→ **ABOUT THIS EXERCISE**:
The whole listing needs retyping exactly; keep the pictures out of it.

→ **DATASET EXCERPT**:

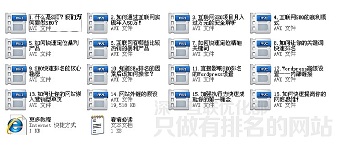 本套深一SEO視頻培訓(xùn)課程包括20部高清視頻+清晰語音+整齊的文本條目,手把手教會快速從主流搜索引擎上獲得排名,從而獲得無限網(wǎng)絡(luò)商機(jī)。
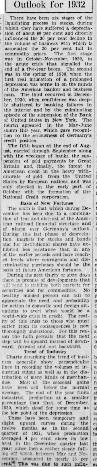 There been six stages of the process stocks, during which depreciaand directly influenced the per decline the associated the cent fall was the the end the spring 1930, when real intimation of prolonged was in the minds the banker and business occurred December, 1930. when confidence was shattered banking failures the and culminating episode the Bank United States New appeared slump this which recognition seriousness of Germany's credit The at the end of Augthe banks, the susBritain threat American withdrawnls gold United States nations. and was checked the early part October the formation the National Credit corporation. Basis of New Fortunes The which Dehas been due to tion of fear and of the Amerrailroad structure and alarm Germany's outlook During last phase depreciation for and bonds and for institutional hibited less resistance any the periods and disbe the of the thirty sixty that securities and commodities No healthy can fail appreciate the and foreign nations what would crisis in credit. reality of crisis those who must suffer from this son the that the Trend of Industry Charts the recording the of dustrial output the tribution kinds Most gains normal average. the finds industrial smaller percentage that which stood for some the low point the depression These been temporary and slight upward curves during the twelve in the second quarter when production averaged per its low level the last year fallMay per This was due to such influ-
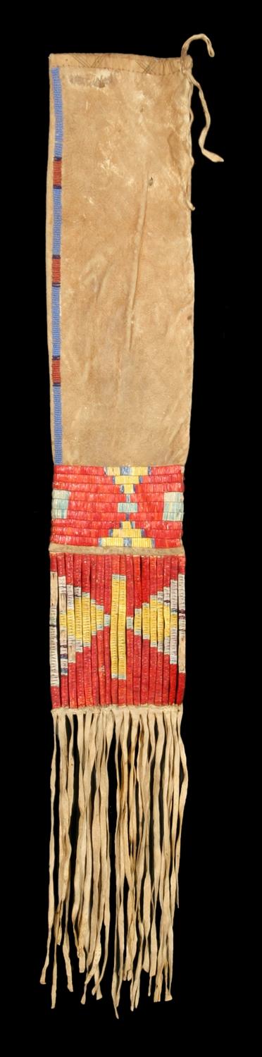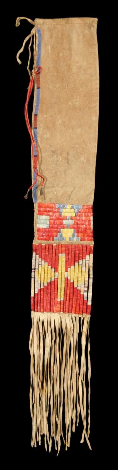 Sioux Quilled Pipebag. Beaded & quilled on both sides. 38" x 6". Bright colors. 19th century. (est $3,000-4,000) Condition Report: Some red ochre still visible. Fringe intact. Beadwork fine, quillwork shows minor loss

→ **SOLUTION TO THE EXERCISE**:
 本套深一SEO視頻培訓(xùn)課程包括20部高清視頻+清晰語音+整齊的文本條目,手把手教會快速從主流搜索引擎上獲得排名,從而獲得無限網(wǎng)絡(luò)商機(jī)。
 There been six stages of the process stocks, during which depreciaand directly influenced the per decline the associated the cent fall was the the end the spring 1930, when real intimation of prolonged was in the minds the banker and business occurred December, 1930. when confidence was shattered banking failures the and culminating episode the Bank United States New appeared slump this which recognition seriousness of Germany's credit The at the end of Augthe banks, the susBritain threat American withdrawnls gold United States nations. and was checked the early part October the formation the National Credit corporation. Basis of New Fortunes The which Dehas been due to tion of fear and of the Amerrailroad structure and alarm Germany's outlook During last phase depreciation for and bonds and for institutional hibited less resistance any the periods and disbe the of the thirty sixty that securities and commodities No healthy can fail appreciate the and foreign nations what would crisis in credit. reality of crisis those who must suffer from this son the that the Trend of Industry Charts the recording the of dustrial output the tribution kinds Most gains normal average. the finds industrial smaller percentage that which stood for some the low point the depression These been temporary and slight upward curves during the twelve in the second quarter when production averaged per its low level the last year fallMay per This was due to such influ-
 Sioux Quilled Pipebag. Beaded & quilled on both sides. 38" x 6". Bright colors. 19th century. (est $3,000-4,000) Condition Report: Some red ochre still visible. Fringe intact. Beadwork fine, quillwork shows minor loss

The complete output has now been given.